Segment Open

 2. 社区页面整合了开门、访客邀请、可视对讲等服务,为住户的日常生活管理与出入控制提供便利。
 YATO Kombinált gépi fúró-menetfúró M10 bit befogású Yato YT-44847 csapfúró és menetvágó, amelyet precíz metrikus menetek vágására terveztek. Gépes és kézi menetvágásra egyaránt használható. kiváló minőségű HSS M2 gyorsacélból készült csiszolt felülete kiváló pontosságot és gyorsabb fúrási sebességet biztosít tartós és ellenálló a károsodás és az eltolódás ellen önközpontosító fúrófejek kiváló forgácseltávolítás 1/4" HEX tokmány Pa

Segment Closed
Segment Open

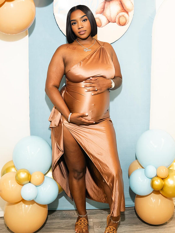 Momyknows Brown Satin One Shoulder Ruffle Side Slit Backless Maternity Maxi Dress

Segment Closed

--- YOUR OBJECTIVE ---
From the material above, retype precisely the lines between the line holding "2. 社区页面整合了开门、访" and the line holding "YATO Kombinált gépi", inclusive, and nothing beyond them.

--- SOLVED EXERCISE ---
 2. 社区页面整合了开门、访客邀请、可视对讲等服务,为住户的日常生活管理与出入控制提供便利。
 YATO Kombinált gépi fúró-menetfúró M10 bit befogású Yato YT-44847 csapfúró és menetvágó, amelyet precíz metrikus menetek vágására terveztek. Gépes és kézi menetvágásra egyaránt használható. kiváló minőségű HSS M2 gyorsacélból készült csiszolt felülete kiváló pontosságot és gyorsabb fúrási sebességet biztosít tartós és ellenálló a károsodás és az eltolódás ellen önközpontosító fúrófejek kiváló forgácseltávolítás 1/4" HEX tokmány Pa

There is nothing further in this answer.